• TASK ITEM:
Instruction for the entries below: return the part that opens with the line containing "blanc et jaune." and closes with the line containing "莎娃是否可称作美女,这个问题", exactly, and no pictures.

• DATASET:
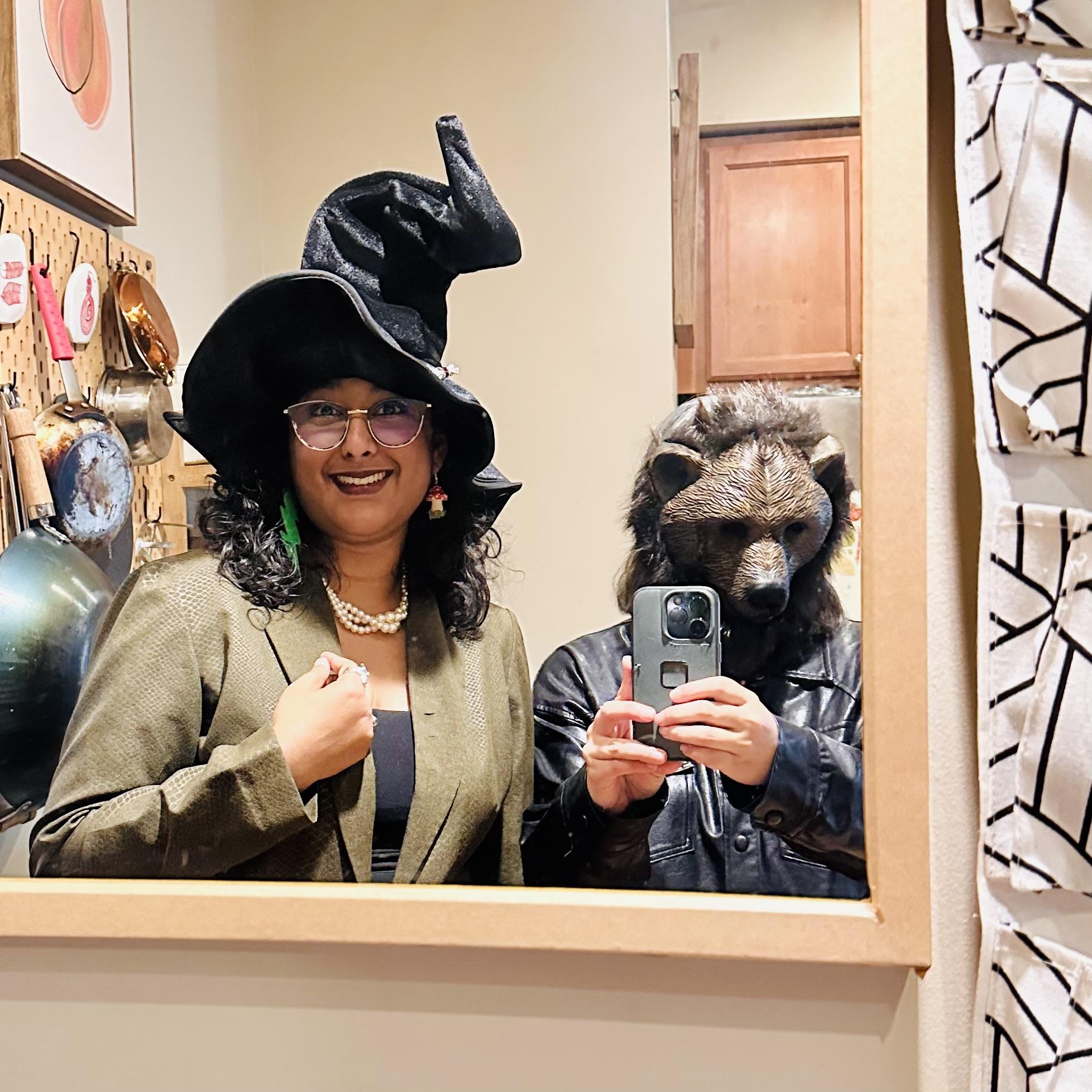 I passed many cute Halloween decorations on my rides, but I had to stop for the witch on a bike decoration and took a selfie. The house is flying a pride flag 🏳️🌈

--

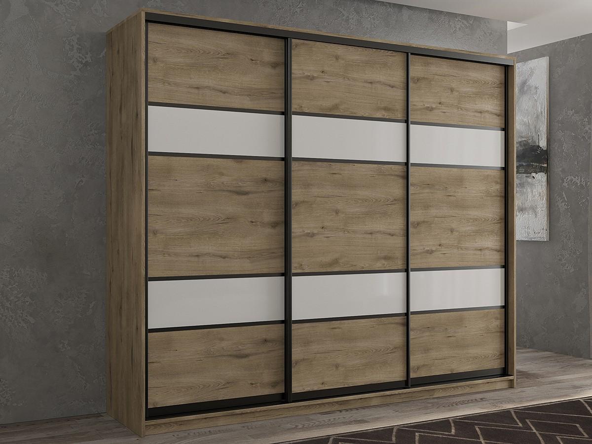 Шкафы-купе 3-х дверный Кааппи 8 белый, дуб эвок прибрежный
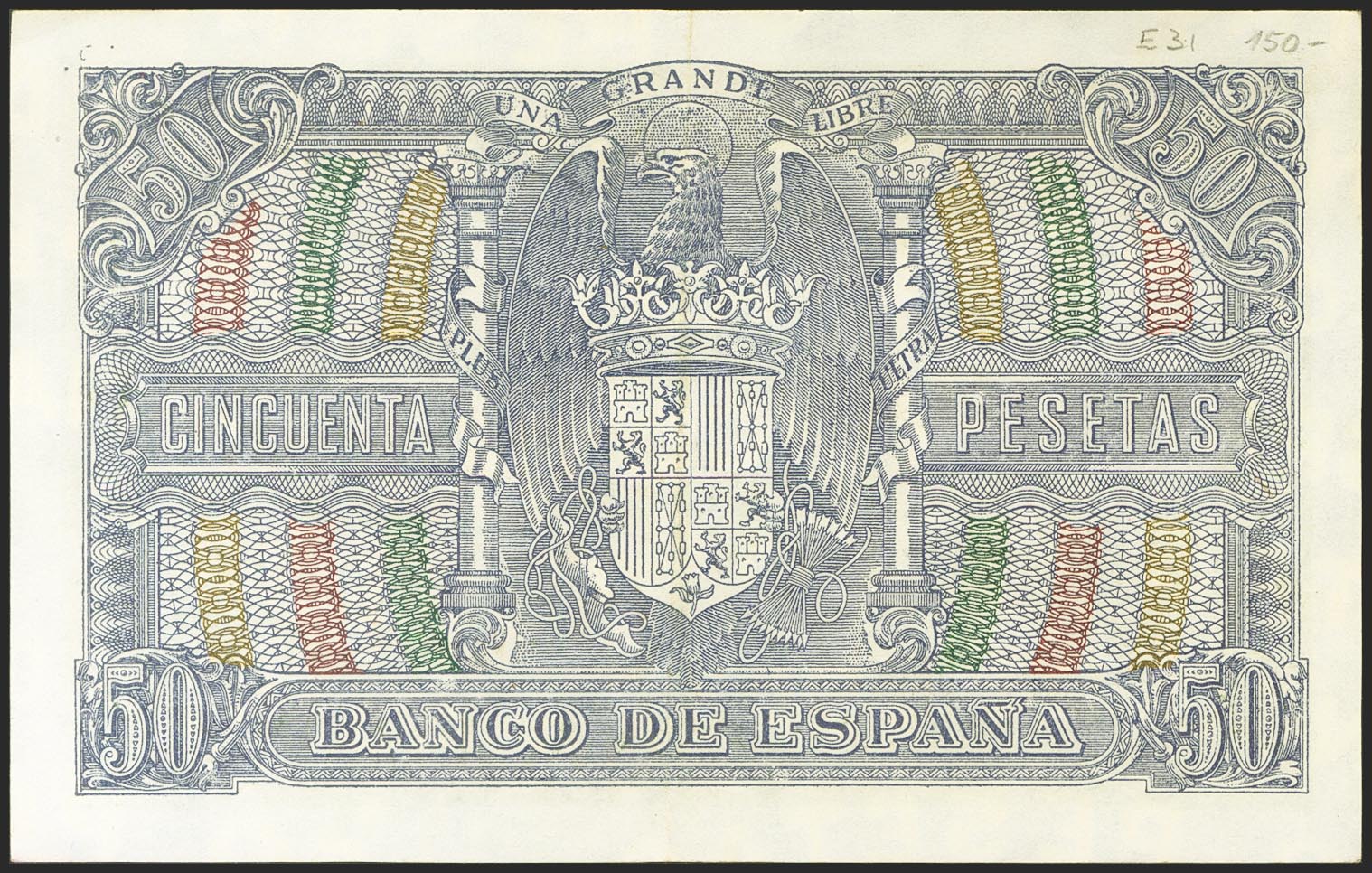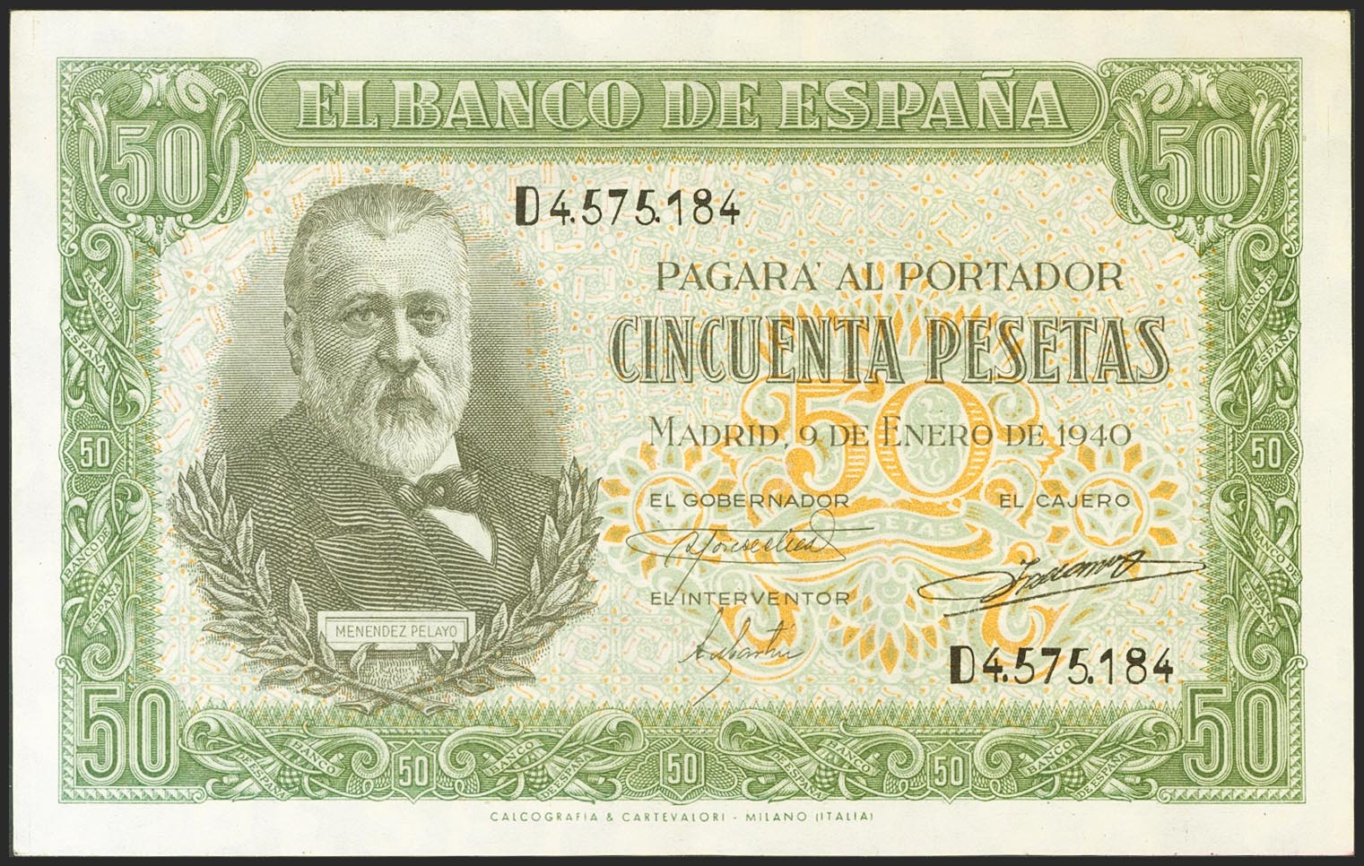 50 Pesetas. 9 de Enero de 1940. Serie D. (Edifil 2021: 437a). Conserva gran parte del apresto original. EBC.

...

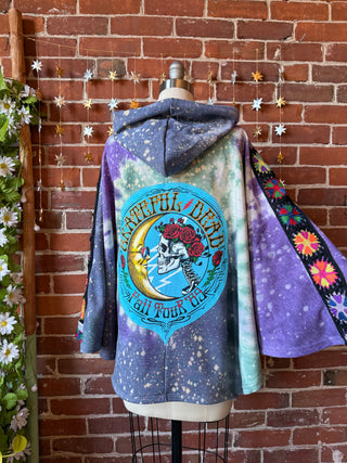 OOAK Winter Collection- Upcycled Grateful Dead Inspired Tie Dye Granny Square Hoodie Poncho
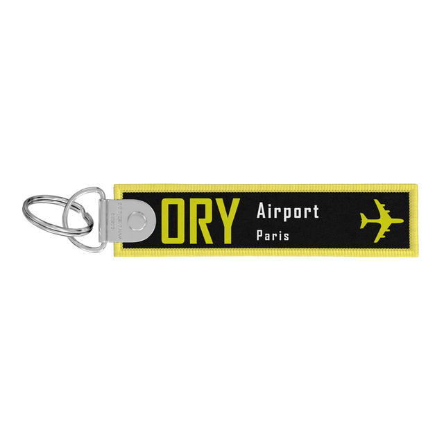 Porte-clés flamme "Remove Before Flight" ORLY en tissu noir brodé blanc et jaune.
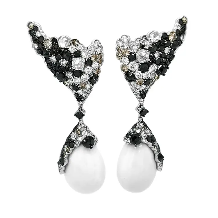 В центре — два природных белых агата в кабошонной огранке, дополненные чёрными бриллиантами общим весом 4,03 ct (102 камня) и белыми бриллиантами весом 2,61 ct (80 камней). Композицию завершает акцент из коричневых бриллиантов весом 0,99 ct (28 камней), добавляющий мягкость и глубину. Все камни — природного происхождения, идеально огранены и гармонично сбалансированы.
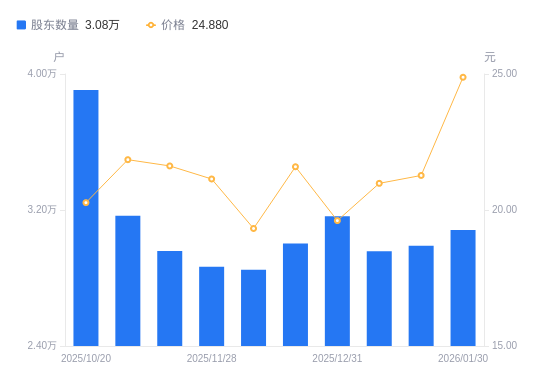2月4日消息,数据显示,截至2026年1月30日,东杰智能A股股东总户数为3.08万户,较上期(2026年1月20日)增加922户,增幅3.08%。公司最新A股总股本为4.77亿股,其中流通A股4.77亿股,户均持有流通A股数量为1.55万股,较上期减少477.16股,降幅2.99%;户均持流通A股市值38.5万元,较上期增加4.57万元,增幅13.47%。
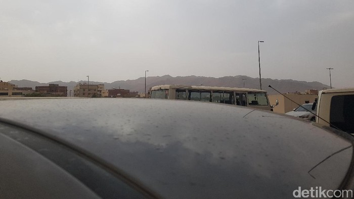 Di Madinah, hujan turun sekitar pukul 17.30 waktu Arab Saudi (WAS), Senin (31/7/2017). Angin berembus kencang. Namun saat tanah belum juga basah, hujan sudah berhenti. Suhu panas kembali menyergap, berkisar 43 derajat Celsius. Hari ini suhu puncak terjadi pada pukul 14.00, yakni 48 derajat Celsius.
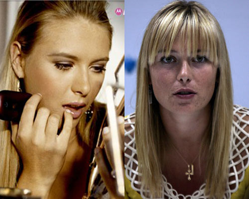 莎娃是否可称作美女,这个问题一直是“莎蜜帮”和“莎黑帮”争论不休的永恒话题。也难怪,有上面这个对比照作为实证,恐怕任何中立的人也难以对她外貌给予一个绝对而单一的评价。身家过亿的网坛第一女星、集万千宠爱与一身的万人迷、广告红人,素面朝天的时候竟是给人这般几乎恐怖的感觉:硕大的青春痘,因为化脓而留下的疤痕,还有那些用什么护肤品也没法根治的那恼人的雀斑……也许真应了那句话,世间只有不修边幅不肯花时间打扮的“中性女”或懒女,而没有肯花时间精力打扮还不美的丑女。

• SOLUTION:
 Porte-clés flamme "Remove Before Flight" ORLY en tissu noir brodé blanc et jaune.
 В центре — два природных белых агата в кабошонной огранке, дополненные чёрными бриллиантами общим весом 4,03 ct (102 камня) и белыми бриллиантами весом 2,61 ct (80 камней). Композицию завершает акцент из коричневых бриллиантов весом 0,99 ct (28 камней), добавляющий мягкость и глубину. Все камни — природного происхождения, идеально огранены и гармонично сбалансированы.
2月4日消息,数据显示,截至2026年1月30日,东杰智能A股股东总户数为3.08万户,较上期(2026年1月20日)增加922户,增幅3.08%。公司最新A股总股本为4.77亿股,其中流通A股4.77亿股,户均持有流通A股数量为1.55万股,较上期减少477.16股,降幅2.99%;户均持流通A股市值38.5万元,较上期增加4.57万元,增幅13.47%。
 Di Madinah, hujan turun sekitar pukul 17.30 waktu Arab Saudi (WAS), Senin (31/7/2017). Angin berembus kencang. Namun saat tanah belum juga basah, hujan sudah berhenti. Suhu panas kembali menyergap, berkisar 43 derajat Celsius. Hari ini suhu puncak terjadi pada pukul 14.00, yakni 48 derajat Celsius.
 莎娃是否可称作美女,这个问题一直是“莎蜜帮”和“莎黑帮”争论不休的永恒话题。也难怪,有上面这个对比照作为实证,恐怕任何中立的人也难以对她外貌给予一个绝对而单一的评价。身家过亿的网坛第一女星、集万千宠爱与一身的万人迷、广告红人,素面朝天的时候竟是给人这般几乎恐怖的感觉:硕大的青春痘,因为化脓而留下的疤痕,还有那些用什么护肤品也没法根治的那恼人的雀斑……也许真应了那句话,世间只有不修边幅不肯花时间打扮的“中性女”或懒女,而没有肯花时间精力打扮还不美的丑女。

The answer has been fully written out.